Mattarella promulga la legge sul voto ai diciottenni per il Senato

Un seggio elettorale durante le operazioni di voto per il Referendum Costituzionale sul taglio dei Parlamentari,
Un seggio elettorale durante le operazioni di voto per il Referendum Costituzionale sul taglio dei Parlamentari, Roma, 20 settembre 2020. ANSA/ANGELO CARCONI

ROMA. – Quasi quattro milioni di giovani da 18 ai 24 anni potranno finalmente votare anche per eleggere i senatori. Il presidente Sergio Mattarella ha promulgato la legge di riforma costituzionale che sin dalle prossime elezioni politiche metterà la parola fine ad una asimmetria sul voto delle due Camere della quale si discute da decenni.

Infatti fino ad oggi per il Senato possono votare solo i cittadini che abbiano compiuto i 25 anni, con effetti statisticamente dimostrati sulla diversa composizione politica tra l’Assemblea di palazzo Madama e quella di Montecitorio. Effetti che molti costituzionalisti indicano come una delle cause della maggiore difficoltà del Senato a trovare maggioranze efficaci.

La riforma potrebbe portare quindi una più marcata stabilità del quadro politico. Si tratta comunque di un nuovo enorme bacino di voti che entrerà in gioco per la formazione dei nuovi governi e che darà voce alla parte più dinamica del Paese inserendo orizzonti e prospettive di più lungo respiro nell’attività parlamentare.

Ma resta una mini-riforma che si inserisce – ma non dirime – in un dibattito più ampio, anche questo decennale, sulla necessità di superare il bicameralismo perfetto, cioè il sistema che in Italia prevede stesso ruolo e stesse funzioni alle due Camere.

Impossibile prevedere quali forze politiche potranno trarre maggior beneficio dall’irruzione giovanile sul Senato, ma molti analisti paventano il rischio che possa crescere l’astensionismo. Questo a causa dall’indebolimento delle ideologie e per l’insufficienza dell’educazione civica e politica nelle scuole italiane.

Basti ricordare come negli anni 80 circa l’80% dei giovani europei si dichiaravano politicamente ben orientati; ora lo sono appena il 30%; percentuale che crolla al 10% per l’adesione a partiti politici nella fascia 15-24 anni.

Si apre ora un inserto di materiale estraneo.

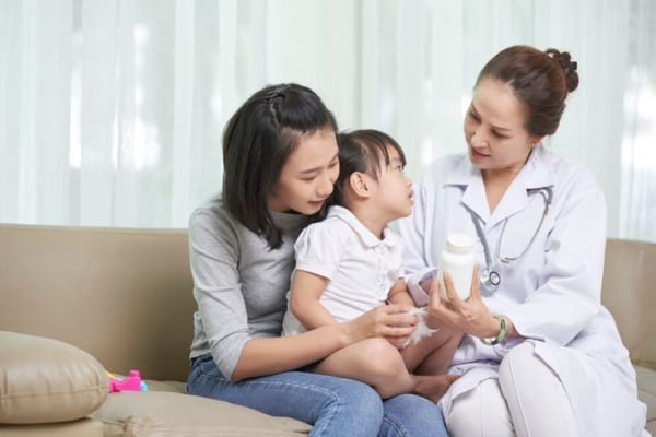 Mẹ nên tham khảo ý kiến bác sĩ để bổ sung đúng liều lượng, ưu tiên sản phẩm dạng xịt hoặc siro dễ hấp thu phù hợp với trẻ nhỏ.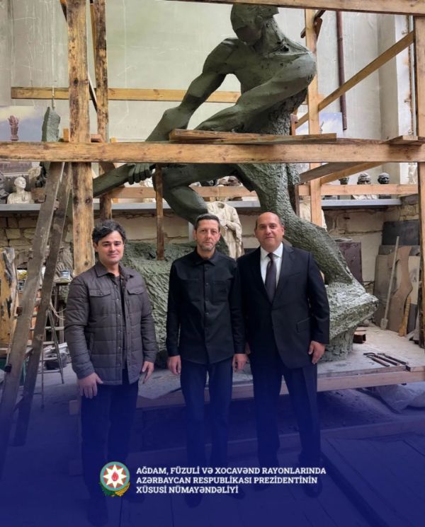 Azərbaycan Prezidentinin Ağdam, Füzuli və Xocavənd rayonları üzrə xüsusi nümayəndəsi Emin Hüseynov "Fərhadın heykəli"nin hazırlanması prosesi ilə tanış olub.

Ma la discrepanza tra il voto della Camera e quello del Senato era da sanare e i dati lo confermano: in occasione delle ultime elezioni politiche del 4 marzo 2018, i cittadini chiamati alle urne per l’elezione della Camera dei deputati sono stati 46.600.000 circa, a fronte dei circa 42.900.000 chiamati a concorrere all’elezione del Senato, con un differenziale di oltre 3.700.000 elettori, pari a circa l’8% degli aventi diritto di voto per la Camera dei deputati.

Non pochi anche se secondo l’analisi delle elezioni del 2018 compiuta da Ipsos, il “primo voto” alla Camera, dei diciottenni, è andato per il 35% all’astensione mentre i giovani elettori non premiarono i partiti più strutturati. Se si osserva l’esito di quelle elezioni si nota, ad esempio, che alla Camera il Movimento 5 Stelle è andato meglio che al Senato.

Confrontando i risultati delle due Camere, emerge che se avessero votato solo i giovani (18-24 anni), il Movimento 5 Stelle non sarebbe stato solo il primo partito, ma avrebbe avuto gli stessi consensi di PD, Lega e Forza Italia sommati: con quasi il 38% delle preferenze e avrebbe avuto 5,7 punti in più del risultato ottenuto al Senato.

Stupisce infine che il Parlamento non abbia voluto affrontare una norma strettamente collegata e giudicata dai più ormai anacronistica: cioè il diritto di elettorato passivo che ancora pone il limite dei 40 anni per essere eletto senatore. Con la riforma promulgata oggi risulta straniante che i giovani dai 18 ai 24 anni possano votare ma solo per senatori più anziani di loro, anche di ben 22 anni.

Il mantenimento di una simile limitazione appare ingiustificata, quanto meno nella prospettiva dell’eguale composizione di Camera e Senato. E lo è ancora di più se si considera che dalle prossime elezioni per la prima volta si concretizzerà il taglio dei parlamentari che con la riforma costituzionale passeranno da 945 a 600 (i deputati diminuiscono da 630 a 400, i senatori da 315 a 200).

In molti hanno letto questa riluttanza del Parlamento ad abbassare anche la soglia di eleggibilità proprio a causa della drastica riduzione degli scranni. L’ipotetica concorrenza di candidati senatori giovani potrebbe rendere più difficile una eventuale rielezione.